1. Why have data engineering & analytics come so far in the last decade?

The evolution of technology in our lives overall has driven a transformation of business intelligence – the amount of data we have and our abilities to understand it are worlds apart from the state of BI in 2010.

Ten years ago business intelligence services were only really accessible to professionals with specific skills and education. Today, the transformation of BI services has delivered accessibility directly to end-users – many applications are functional and make data interpretation quick and simple.
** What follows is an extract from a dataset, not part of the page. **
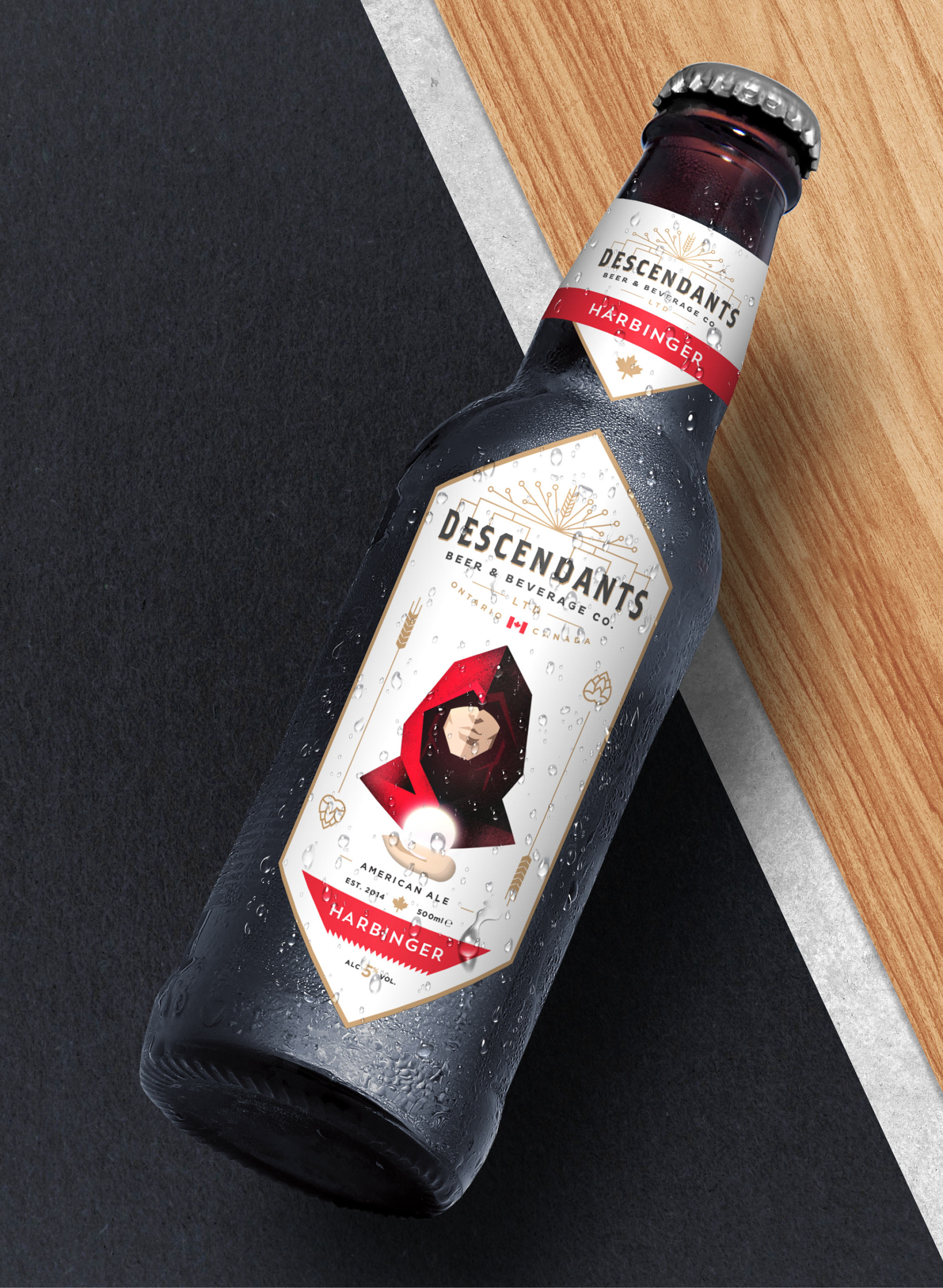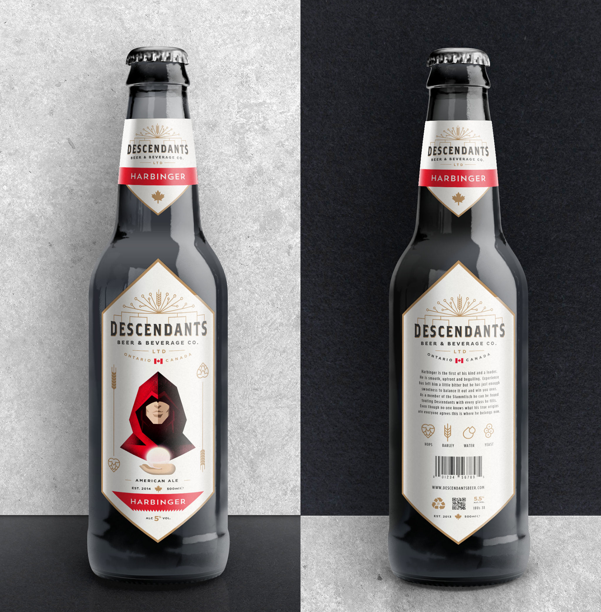 The Descendants are producers of hand crafted, creative, small batch, beers. Their beers are so special, that it has taken generations of commitment and evolution to create a single drop. Each flavour passed down from one generation to the next which gives you a rich new experience with every taste. I had the opportunity to create the branding of the label and one of the original Descendants characters, Harbinger, as a mysterious hero who oversees all others.

Data analysis projects also used to be very expensive – lots of hardware and software resources were necessary to work with large amounts of data. There’s been an evolution of pricing models around data storage in the last decade with the rise of cloud, and this alongside the availability of open source solutions means that it is a lot cheaper to conduct BI work today.

The digital transformation of our lives is providing vast amounts of data sources that didn’t exist before. Daily experiences – shopping, travel, exercise – generate data points that businesses can analyse to build a 360-degree view of individuals that is defined and evidenced, and they can do this in house rather than conducting expensive surveys or relying on intuition.
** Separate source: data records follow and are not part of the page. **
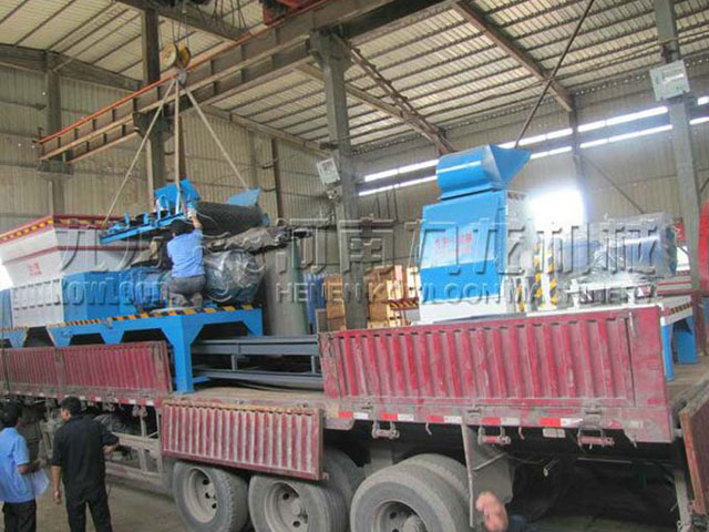 發(fā)往天津的1900撕碎機(jī)和新型木材粉碎機(jī)發(fā)貨現(xiàn)場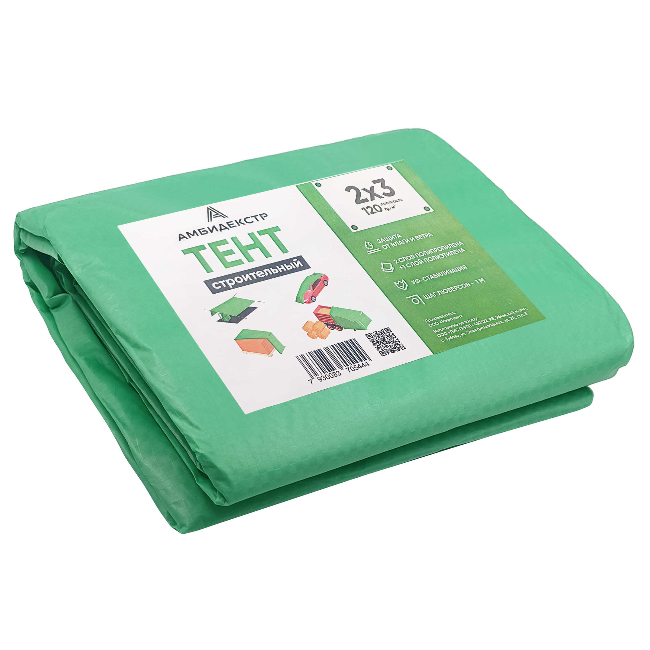 Тент (полог) строительный полипропиленовый 2*3м, люверс, плотность 120гр/м² Амбидекстр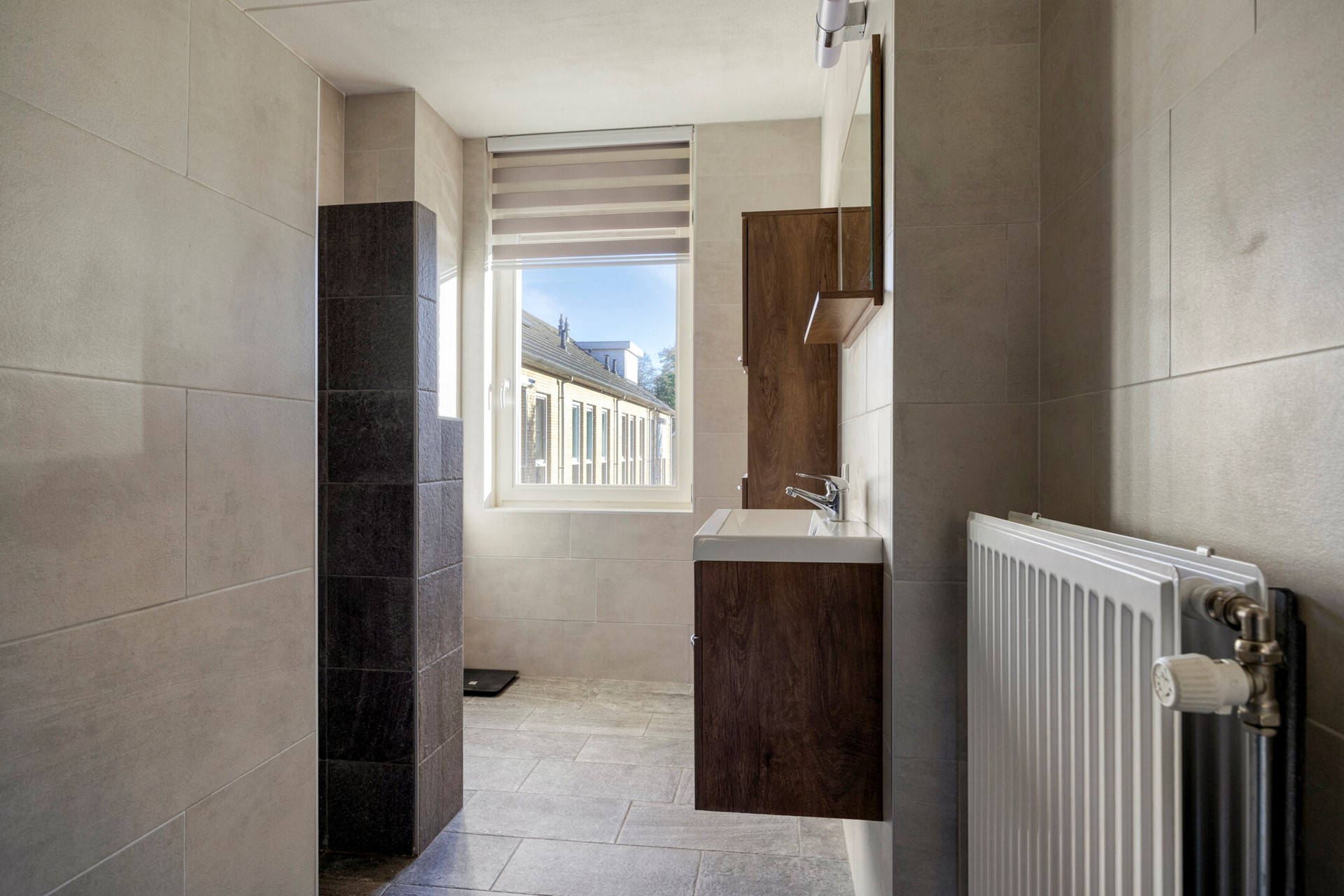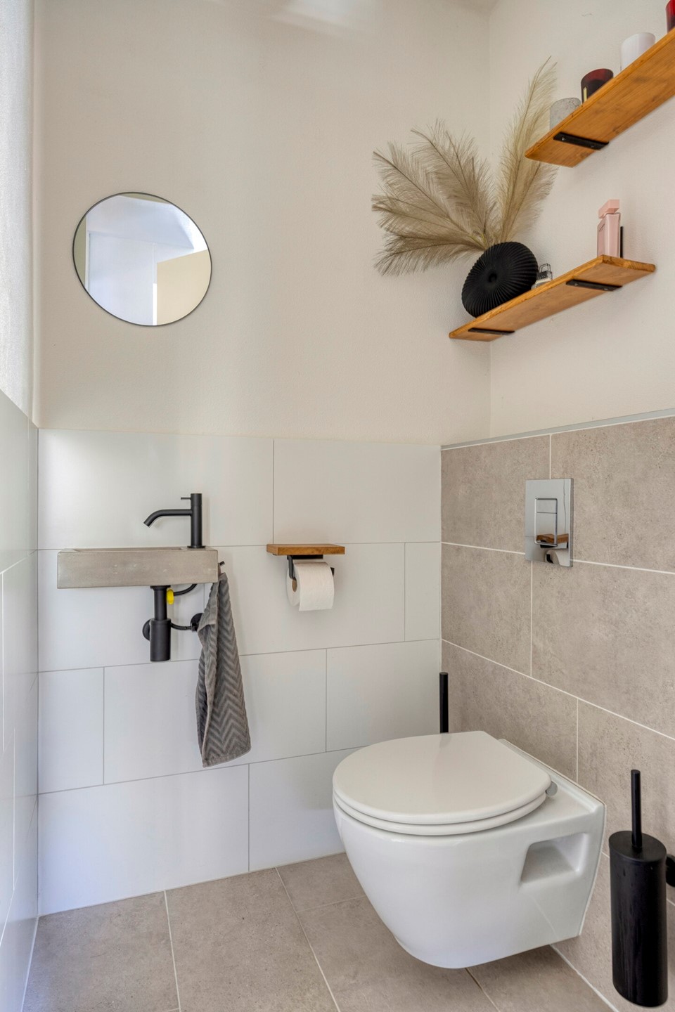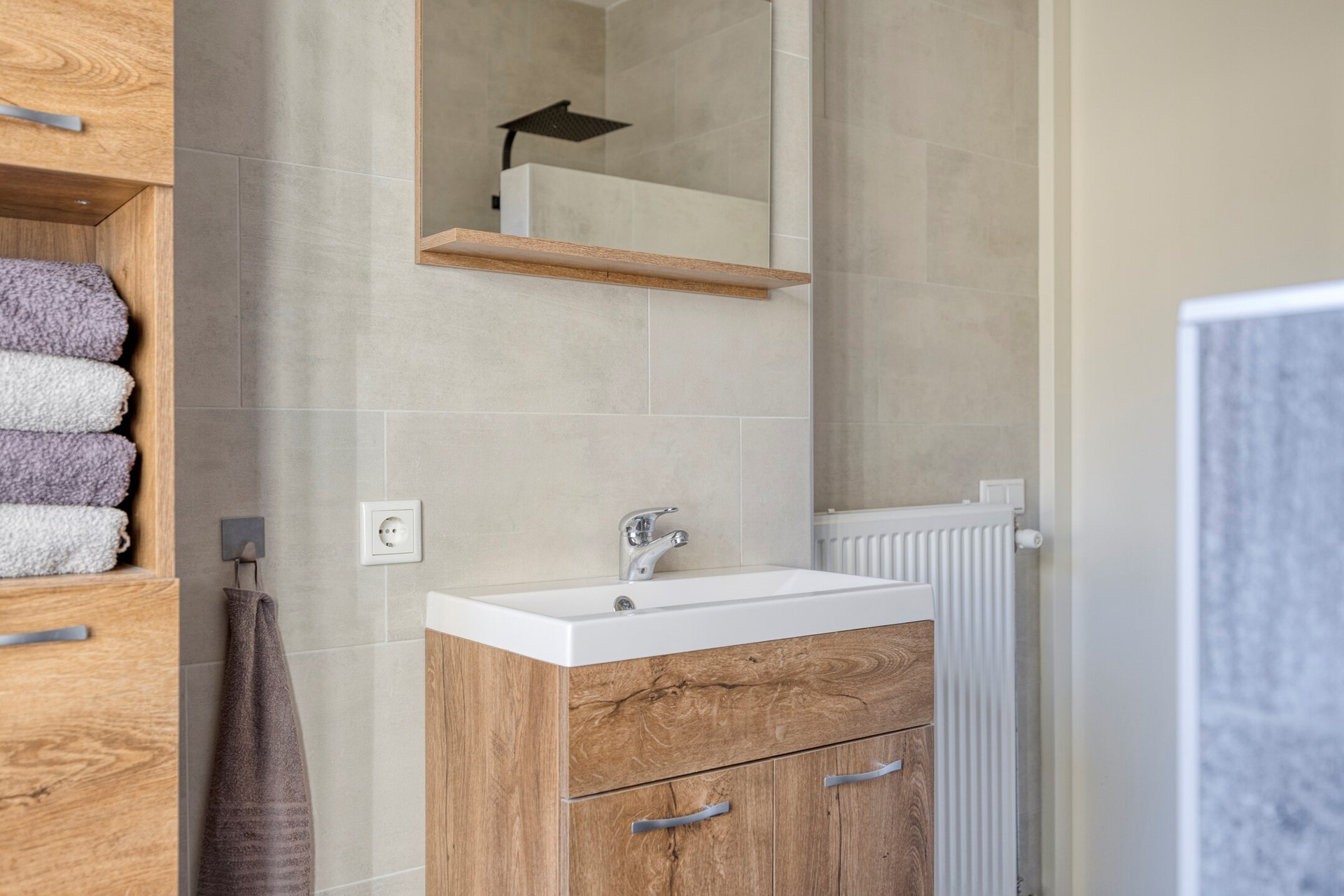 De badkamer is een plaatje op zich. Stijlvol betegeld met een combinatie van ruwe en strakke tegels, wat zorgt voor een moderne, maar toch warme uitstraling. Het houten wastafelmeubel en de bijpassende kasten brengen extra sfeer. En dan die heerlijke douche! Met de royale zwarte regendouche en het handige muurtje om op te zitten is dit een plek om écht even te ontspannen.

2. What should business intelligence developers do to stay ahead of customer expectations?

Today data engineers and BI developers have a bigger toolkit than ever – the resources and data sources easily available make business intelligence a discipline full of opportunity. It is a great idea for people in other disciplines – development, testing, or even roles outside of technology like marketing – to learn how to use business intelligence software and understand data more easily. There are many courses available online to achieve this.

Data engineering tasks are often quite domain-specific, so data engineers should gain a close understanding of the domain they are working in – it could be anything from fraud prevention to loyalty programmes. Alongside this, they should endeavour to have a cross-domain skillset so that they can apply their skills to different work. Above all learning technologies that can support business intelligence – artificial intelligence, machine learning, how the internet of things works – are all helpful.
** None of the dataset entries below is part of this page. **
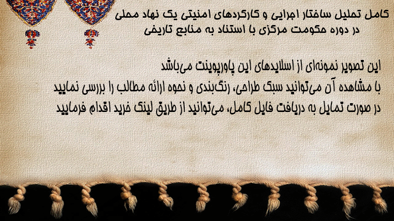 پاورپوینت کامل تحلیل ساختار اجرایی و کارکردهای امنیتی یک نهاد محلی در دوره حکومت مرکزی با استناد به منابع تاریخی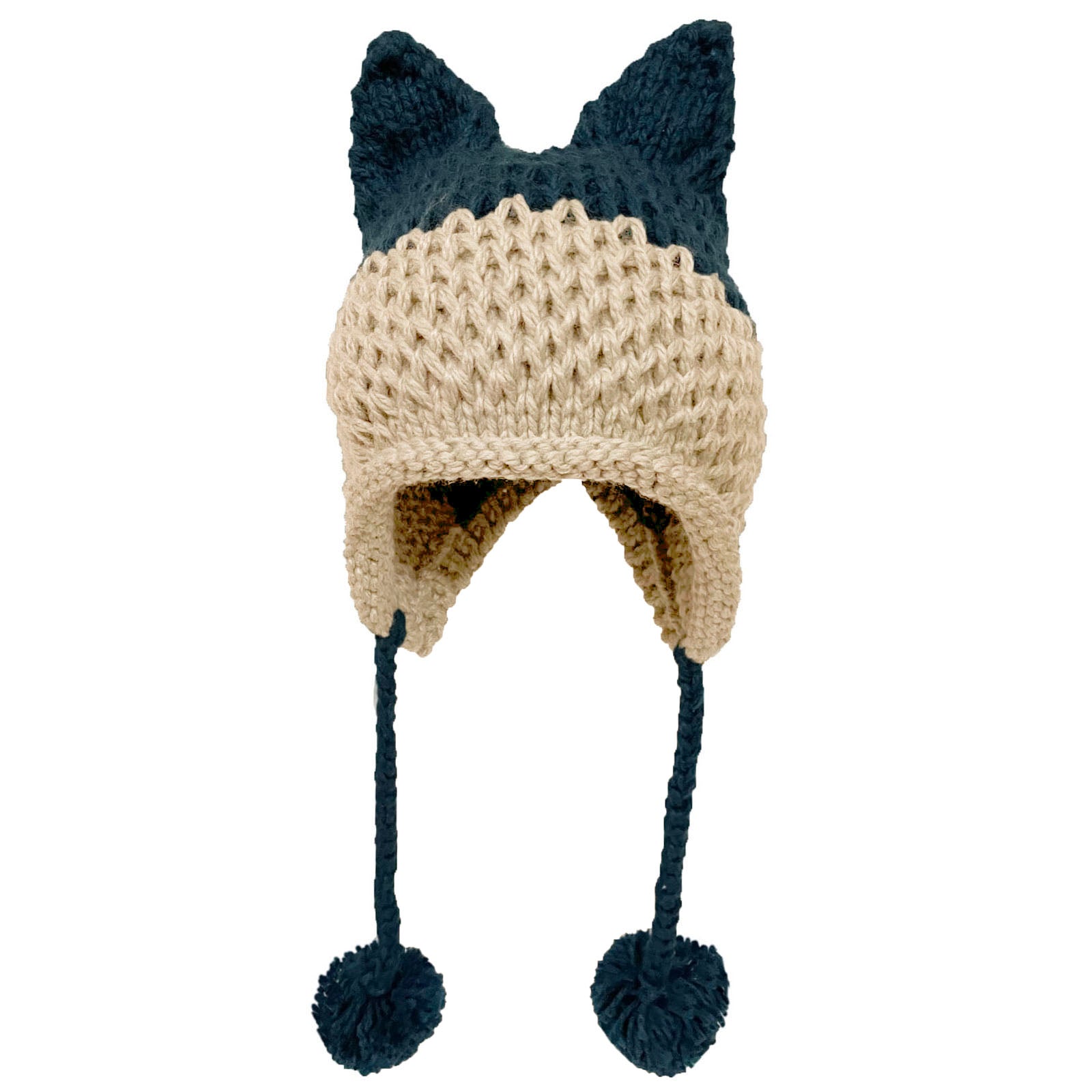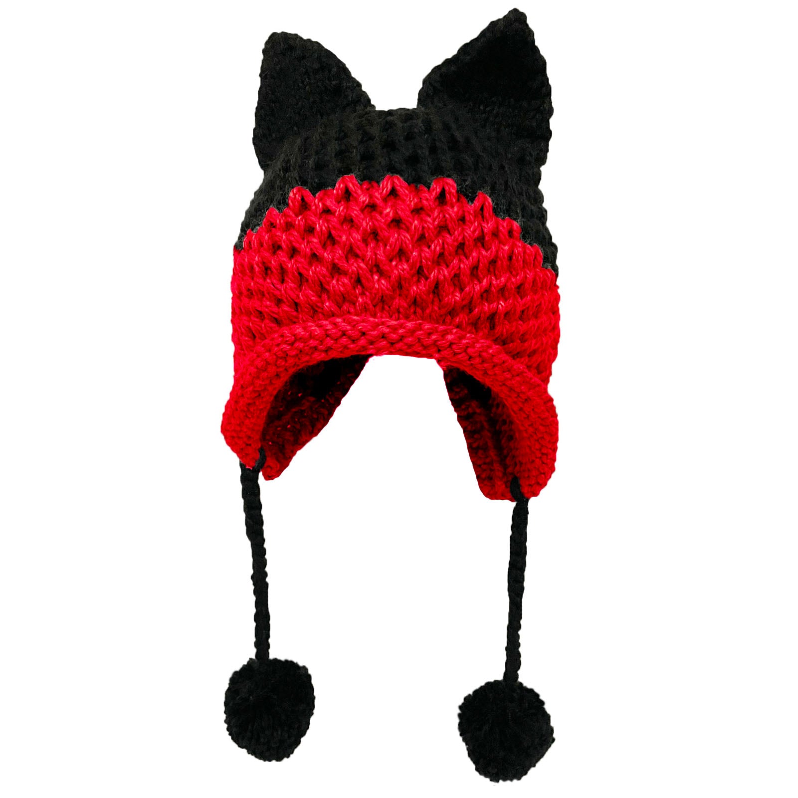 BomHCS Cute Fox Ears Beanie Winter Warm 100% Handmade Knit Hat -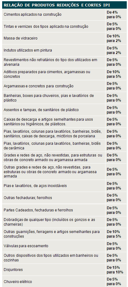 Com redução do IPI, material de construção deve cair até 8,5%. Nas lojas de material de construção os produtos já estão com os preços até 8,5% mais baixos. A queda é consequência da redução do Imposto sobre Produtos Industrializados (IPI) que incide sobre esses itens. As alíquotas do IPI de 30 itens do setor de construção ficarão menores - na maioria dos casos, passarão de 5% para zero. Mas para o consumidor final, o preço pode cair até 8,5%, pois o varejo tem o compromisso de repassar toda a economia que a diminuição dos impostos nos trouxer.

3. What are your future predictions for data engineering and analytics?

Business intelligence today is very available to businesses, and based on this trajectory I think in the next decade it will only continue to become more accessible. Artificial intelligence is getting better and eventually, it will be a helpful asset from an advisory position to business intelligence solutions.

My crazy prediction is the unification of data – one digital space. So for example, I have a smartphone app and I’ve added some information about myself to it. This data goes into a digital space so that when I walk into a coffee shop the waiter knows in advance my favourite order because each device is connected and sharing information. It could even go as far to predict what I like – a suggestion of a new drink that I’d probably like but wouldn’t necessarily order.

I would say that this is far in the future because there are a lot of tricky factors to it – like who controls the data – the state, a private company or is it a community solution? Maybe this is in 2050, but that’s not so far away!